'The little maids are very quick and clever,' objected Zoë, who hardly looked upon the strapping African as a woman.
'No doubt, Kokóna, but this is a part of our business, and I do it better than they.'
'I would rather let them help me, if I must be helped,' said Zoë. 'But, indeed, I am quite used to dressing myself.'
'And pray,' argued the negress, grinning and growing familiar again, 'how could Rustan give his customers a written guarantee, unless I assured him, that there is no cause for complaint, no blemish, no scar, no hidden deformity, no ugly birthmark?'
Zoë turned her face away on the pillow.
'I had not thought of that,' she answered.

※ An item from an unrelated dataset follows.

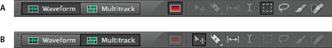 The toolbar provides quick access to tools, the Workspace menu, and buttons that toggle between the Waveform and Multitrack editors. Some tools are unique to each view. Likewise, some Waveform Editor tools are available only in the spectral display.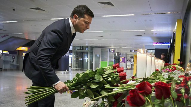 (Photo: Ukrainian President Volodymyr Zelensky pays tribute to plane crash victims. Credit: EPA)

'Heaven forbid that I should myself,' returned the woman, relapsing into her obsequious manner again, 'if it were not to save the young Kokóna from any trouble or annoyance with our customer! If it will but please her to call herself my mistress and me her slave, she shall not be disappointed. If I am rough or clumsy she shall box my ears whenever she pleases, and I shall not complain!'
The little maids devoutly wished that Zoë would avail herself of their tyrant's extraordinary offer, but they dared not smile. She still turned her face away and was silent.
'See!' coaxed the African. 'I take off my coat!' She suited the action to the word and divested herself of her outer garment, which was the long coat and skirt in one, worn only by free women. 'I cover my head, in the Kokóna's presence!' She quickly flattened her wild red hair under a kerchief which she knotted at the back of her neck. 'I roll up my sleeves! Am I anything but a slave, a bath-woman? Why will the beautiful Kokóna not let me wait on her?'
Zoë turned her eyes and saw the change, and suddenly her objection vanished; for Rustan's wife looked precisely like the black slave-women who used to attend the ladies in the Roman bath in Rhangabé's palace. The association of ideas was so strong that the young girl could not help smiling faintly.